Here is a block of entries. Write out its lines exactly, from the first through the one containing "Campbell College CCF".

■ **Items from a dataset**
***

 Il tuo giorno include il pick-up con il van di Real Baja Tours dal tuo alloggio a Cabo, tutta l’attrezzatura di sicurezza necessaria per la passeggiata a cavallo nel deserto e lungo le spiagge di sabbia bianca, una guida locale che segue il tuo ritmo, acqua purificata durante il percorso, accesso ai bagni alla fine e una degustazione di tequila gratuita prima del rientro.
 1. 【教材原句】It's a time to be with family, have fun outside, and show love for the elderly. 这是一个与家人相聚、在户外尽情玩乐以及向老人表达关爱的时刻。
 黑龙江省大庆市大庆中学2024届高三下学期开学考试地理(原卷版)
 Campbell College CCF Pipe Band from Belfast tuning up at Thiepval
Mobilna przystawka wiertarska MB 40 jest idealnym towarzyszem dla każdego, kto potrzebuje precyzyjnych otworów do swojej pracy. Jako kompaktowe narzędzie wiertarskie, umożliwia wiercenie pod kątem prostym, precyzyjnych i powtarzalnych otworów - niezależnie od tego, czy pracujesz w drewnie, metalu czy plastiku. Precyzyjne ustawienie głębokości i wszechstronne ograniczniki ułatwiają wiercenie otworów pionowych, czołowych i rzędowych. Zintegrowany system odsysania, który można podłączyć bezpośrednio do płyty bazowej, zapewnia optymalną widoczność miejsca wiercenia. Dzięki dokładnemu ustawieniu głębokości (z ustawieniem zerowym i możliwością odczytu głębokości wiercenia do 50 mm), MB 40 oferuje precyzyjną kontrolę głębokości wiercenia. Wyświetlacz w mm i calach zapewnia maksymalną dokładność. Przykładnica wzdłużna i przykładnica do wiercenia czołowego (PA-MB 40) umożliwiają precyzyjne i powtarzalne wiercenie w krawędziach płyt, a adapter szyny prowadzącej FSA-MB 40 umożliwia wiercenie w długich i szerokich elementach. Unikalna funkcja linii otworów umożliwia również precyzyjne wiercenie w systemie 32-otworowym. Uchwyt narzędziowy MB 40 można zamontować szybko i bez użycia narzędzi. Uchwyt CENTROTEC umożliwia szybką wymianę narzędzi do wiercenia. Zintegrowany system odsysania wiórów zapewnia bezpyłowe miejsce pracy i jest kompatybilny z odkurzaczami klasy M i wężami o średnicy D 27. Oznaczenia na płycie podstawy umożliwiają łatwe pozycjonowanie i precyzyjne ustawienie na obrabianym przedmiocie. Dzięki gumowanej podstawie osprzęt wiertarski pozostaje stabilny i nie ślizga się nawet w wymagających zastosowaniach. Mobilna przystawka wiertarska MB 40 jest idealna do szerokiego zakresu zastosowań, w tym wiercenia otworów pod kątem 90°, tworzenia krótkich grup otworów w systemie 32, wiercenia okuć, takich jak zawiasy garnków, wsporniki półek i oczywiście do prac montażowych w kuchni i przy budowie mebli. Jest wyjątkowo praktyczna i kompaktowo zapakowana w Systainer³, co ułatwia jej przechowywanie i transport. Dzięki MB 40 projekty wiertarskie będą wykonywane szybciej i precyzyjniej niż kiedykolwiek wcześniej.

***

■ **YOUR SOLUTION**
 Il tuo giorno include il pick-up con il van di Real Baja Tours dal tuo alloggio a Cabo, tutta l’attrezzatura di sicurezza necessaria per la passeggiata a cavallo nel deserto e lungo le spiagge di sabbia bianca, una guida locale che segue il tuo ritmo, acqua purificata durante il percorso, accesso ai bagni alla fine e una degustazione di tequila gratuita prima del rientro.
 1. 【教材原句】It's a time to be with family, have fun outside, and show love for the elderly. 这是一个与家人相聚、在户外尽情玩乐以及向老人表达关爱的时刻。
 黑龙江省大庆市大庆中学2024届高三下学期开学考试地理(原卷版)
 Campbell College CCF Pipe Band from Belfast tuning up at Thiepval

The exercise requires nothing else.